In 2017, for example, U.S. federal prosecutors indicted Mehmet Zafer Ça─člayan, a former Turkish economy minister who was, at the time, a member of the Turkish parliament for his role in the infamous “gas for gold” sanctions-busting scheme. The president might also consider that China sending billions of dollars to the world’s largest state-sponsor of terrorism, one which targets U.S. military personnel with regularity and is under sanctions, is an “unusual and extraordinary threat” to “the national security, foreign policy, or economy of the United States” under the International Emergency Economic Powers Act.

The goal of such pressure is not to turn the rift between the U.S. and China into a chasm. It is to force Mr. Xi to recognize that the U.S. and its consumer market — not Iran — is fundamental to China, increase economic pressure against the Iranian regime, and protect the validity of U.S. secondary sanctions.
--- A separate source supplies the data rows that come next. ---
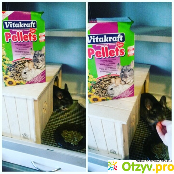 Юрий. Шиншиллы живут у нас уже более четырех лет. За это время кое-что узнал и многое узнал о правильном содержании этих животных в доме. Его стали есть, чтобы накормить не сразу, а 2 года назад. Питание доступное: от 95 до 125 рублей за упаковку. (Картонная коробка весом 400 грамм) нашей пары хватит примерно на 2 недели. Мы смешиваем эту еду с другой (тоже Витакрафт), плюс я нахожусь в стране моркови и яблок, шиповника, лепестков роз, все это добавляем в корм в качестве угощения. Естественно, его съедают сразу, а гранулы остаются на потом. В течение ночи, чтобы поесть все. Ешьте эту пищу с удовольствием. На фотографиях вы можете увидеть нашу мышь возле чаши. Когда в семье шиншиллы есть дети, они могут работать в том и эти гранулы начинают кормить из миски, чтобы украсть. Да, долгое время использования, я не заметил никаких недостатков. Проблемы с пищеварением у животных возникают не сразу. Шерсть хорошая и густая. Поэтому эту диету я рекомендую всем.
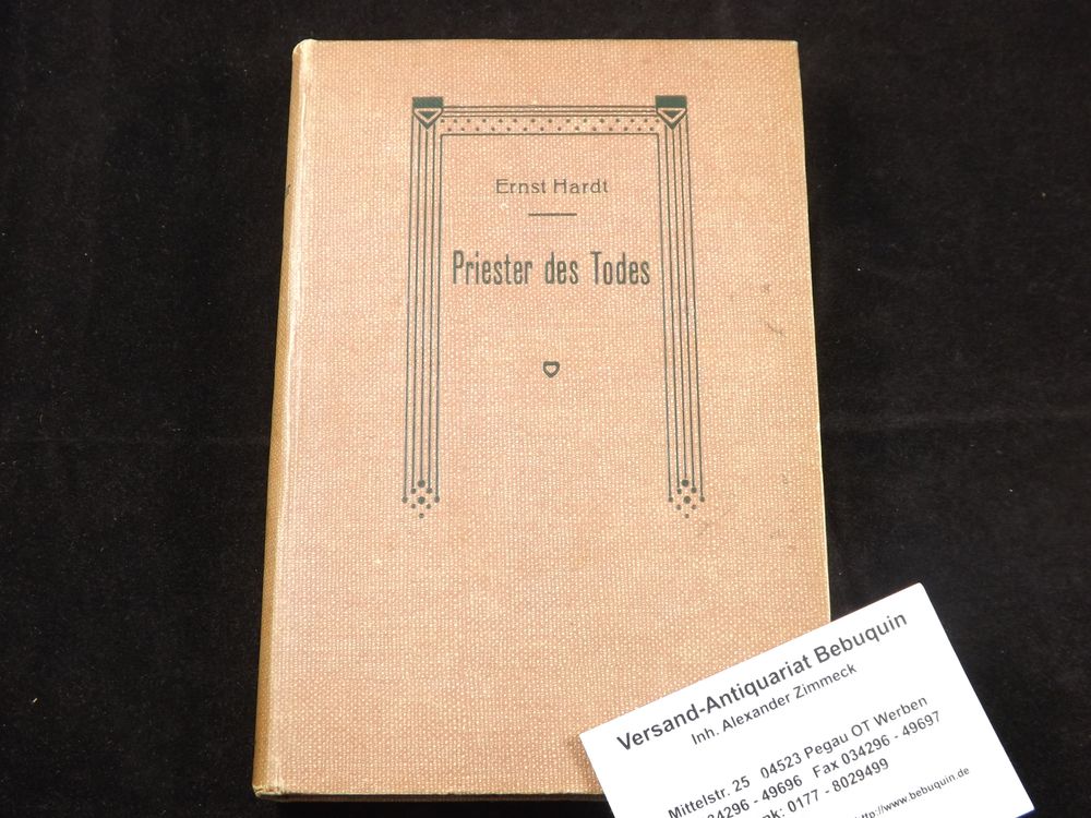 HARDT, Ernst: Priester des Todes. 13 Novellen. Berlin (Fischer), 1898. 201 S. 3 Bl. OLn. (?) Vorderdeckel der OBr. mit eingebunden. EA des Debüts WG 1.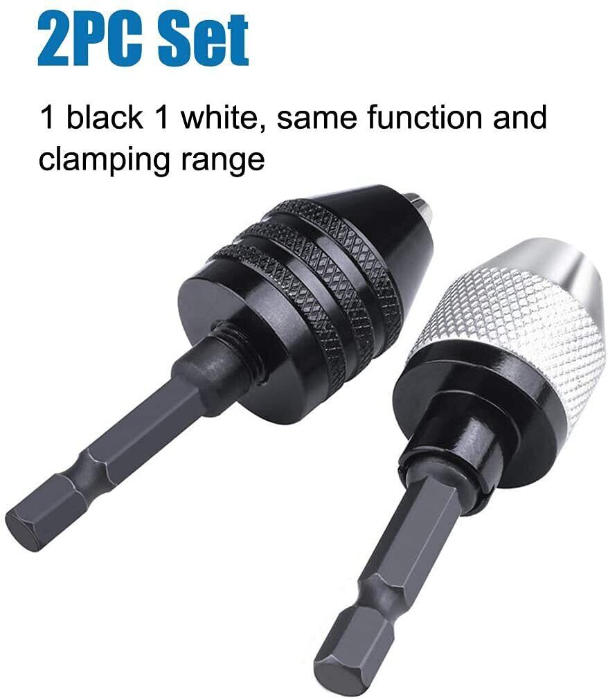 キーレスドリルチャック 2本組 ドリルチャックアダプター キーレス六角軸ドリルチャック キイレスタイプ 六角シャンク クイックチェンジドリルチャック インパクトドライバー対応型 電動ドライバー用 キィレスドリルチャック アダプター ハンマードリル用 全金属タイプドリルチャック キーレスドリルチャックアダプターセット 鉄工錐用 インパクトドライバー用 6.35mm軸 電動工具アクセサリー(0.3~6.5mm,0.3~6.5mm)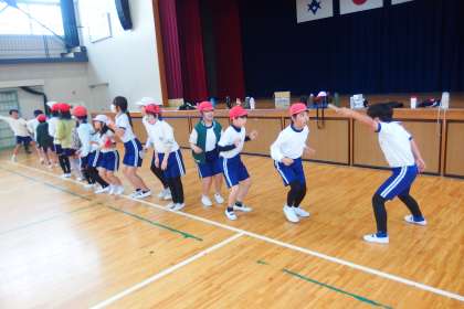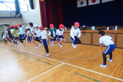 5年生が長縄跳びに挑戦中。

South Korea, India, Italy and many others that have halted Iranian oil imports are surely paying close attention.

Should China comply with U.S. sanctions against Iranian energy imports, Iran would face true “maximum economic pressure,” to borrow a phrase from the previous administration — and the U.S. could ultimately prevail upon the kind of deal that the majority of Americans want: comprehensive, verifiable and permanent.

As Secretary of State Antony Blinken recently pointed out, the U.S. must be prepared to approach China from a position of strength if Beijing continues to act aggressively beyond its borders. In its ongoing bilateral dialogue, the Biden administration should do just that — raise these issues with Mr. Xi and demand action if China hopes to improve its most critical but fractured relationship.

• Daniel Roth is the research director of United Against Nuclear Iran (UANI). Claire Jungman is the chief of staff of United Against Nuclear Iran (UANI).